Grow up, get a job, find a partner, settle down, have kids, raise them, die. That’s the suffocating formula that Vivarium takes aim at in this uber-creepy suburban sci-fi, as young lovebirds Gemma (Imogen Poots) and Tom (Jesse Eisenberg) take the first faltering step on their life together by visiting an estate agent. Little do they know it’s a decision that will snatch them away from their normal routines and imprison them in a nightmarish perception of how life is supposed to go.

That’s because the estate agent in question is Martin, played with exquisitely unsettling eccentricity by Jonathan Aris. Despite his almost lizard-like mannerisms and entirely unnatural speech, Martin somehow convinces the pair to follow him in their van out to Yonder, a lurid suburban housing development in which all the properties are painted the same sickly shade of mint green.

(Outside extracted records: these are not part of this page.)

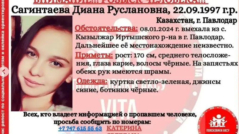 О пропаже Дианы Сагинтаевой сообщили волонтеры поискового отряда VITA.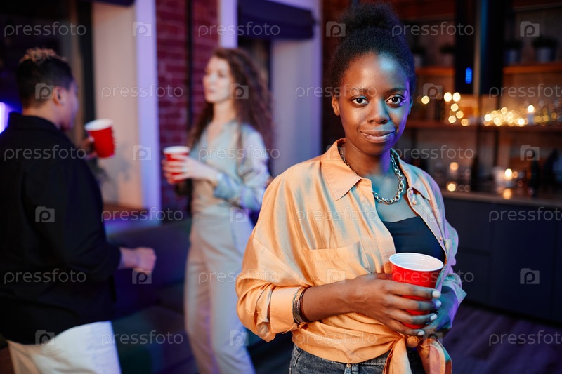 Счастливая афроамериканская девушка в повседневной одежде, держащая бокал с алкогольным напитком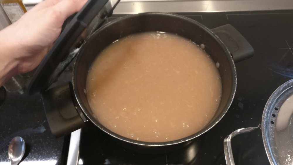 1. Pese omenat ja lohko ne suoraan kattilaan. Lisää vettä niin paljon, että omenat peittyvät. Keitä kunnes lohkot alkavat hajota eli n. 20min.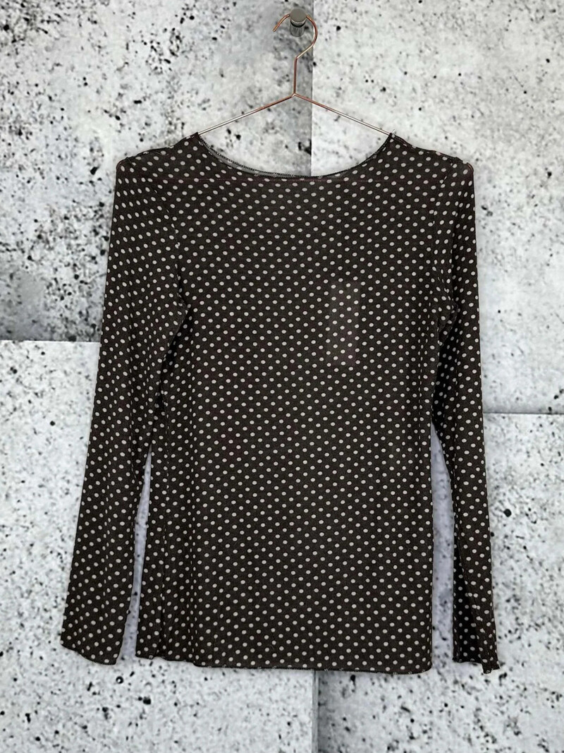 Lækker blød T-shirt i en tynd kvalitet fra Cabana Living. T-shirten er brun med hvide prikker med lange ærmer, rund hals og en strækbar kvalitet. Brug den under skjorter, veste og lignende.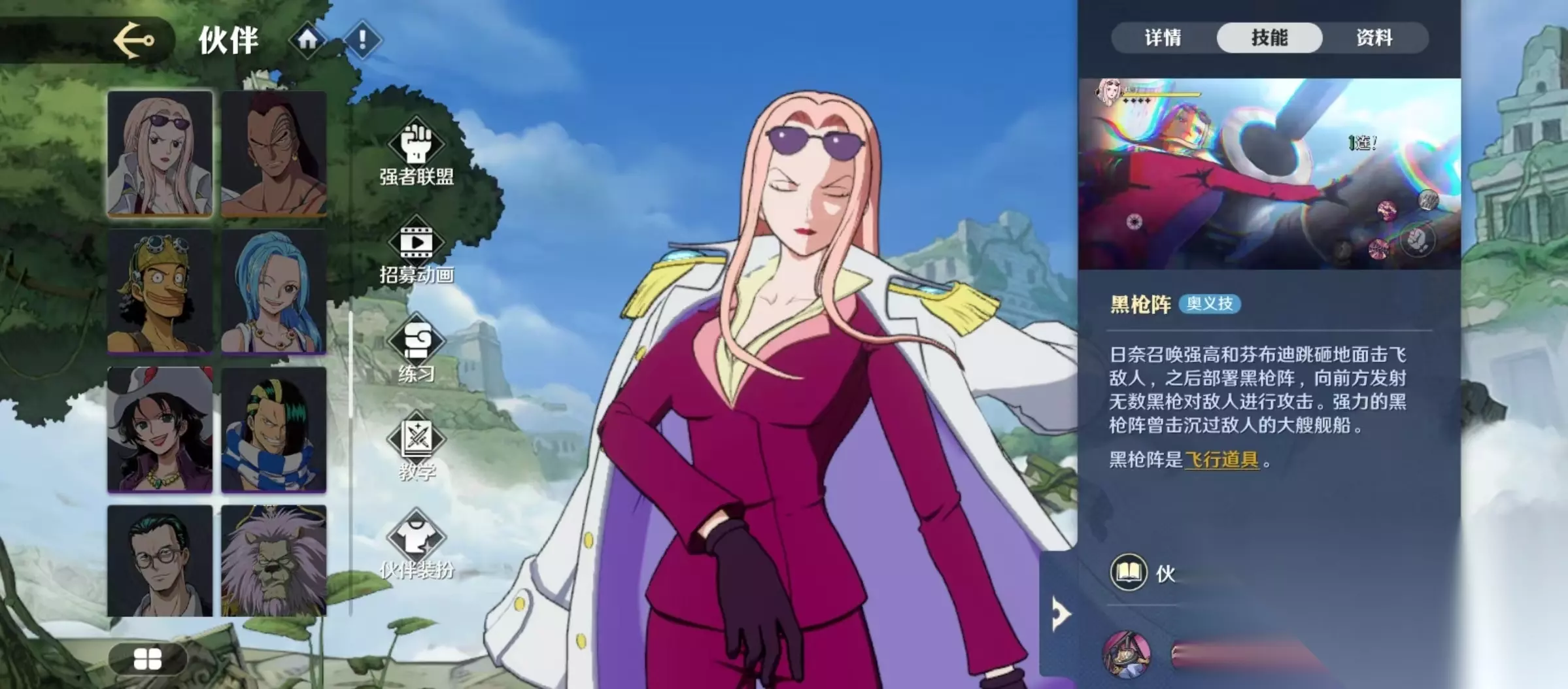 第2个主动技能是伸出手臂后向前突进一段距离,如果成功穿越敌人会补上一记攻击。奥义技能黑枪阵,召唤强高和芬布迪将敌人击飞,之后部署枪阵,向前方发射黑枪进行攻击。这一招的威力非常大,强力的黑枪阵曾经击沉过敌人的大型舰船,所以威力可想而知。
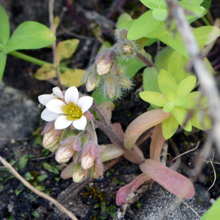 This tiny little Sedum likes to grow in amongst rocks, in stony places and on walls but scarcely reaches 10 cm or at most 15 cm in height, so is easily overlooked. It is found in southern Spain, Portugal and parts of North Africa.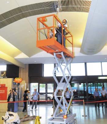 臺灣民航部門接到通報,要挖土機立即停工,調(diào)來升降車升高到屋頂,拆卸部分鋼柵欄,取出更多更大的混凝土碎塊。另外機電廠商人員也爬上天花板會勘,發(fā)現(xiàn)天花板上方的空調(diào)及消防管路遭到破壞,并出現(xiàn)漏水情形。

It’s no coincidence that the song on their stereo as they arrive at Yonder – A Message to You, Rudy – is defined by refrains urging the tearaway Rudy to stop his messing around and start thinking of the future.

Because that’s what Gemma and Tom have to do immediately, when Martin abandons them in their new spotless but soulless prefab. The CGI used in the geography and skyline of Yonder is intentionally unconvincing, only adding to the feeling that the couple have become trapped inside a horrible version of The Sims gone wrong. When a baby arrives on the doorstep and their van runs out of petrol during a fruitless escape attempt, it’s clear that they’re now fully tethered to their draining but dull existence.

The child itself, played with unnerving otherworldliness by Senan Jennings, is like some sort of alien lifeform sent to test their patience and suck away their vitality. It’s a thinly veiled metaphor for the trials of parenthood and the monotony of succumbing to the so-called American Dream, while there’s also room for some hotpotato questioning of current gender roles. But although the themes being investigated are interesting enough and The Twilight Zone, Black Mirror-style construct used to explore them is novel and engaging, the narrative itself can’t keep pace.

That becomes increasingly clear as Tom whiles away his life digging a hole to nowhere and Gemma resentfully nurtures the satanic sprog in her care. Again, the metaphor for parenthood works neatly enough, but as a cinematic spectacle, it hardly makes compelling viewing for the film’s entire runtime. As a result, things fall away a little in the final third, especially as the conclusion is as depressing as could have been predicted from the outset. All that makes for an intriguing but unsustainable and overly bleak parable on the demands which society places upon individuals and couples alike.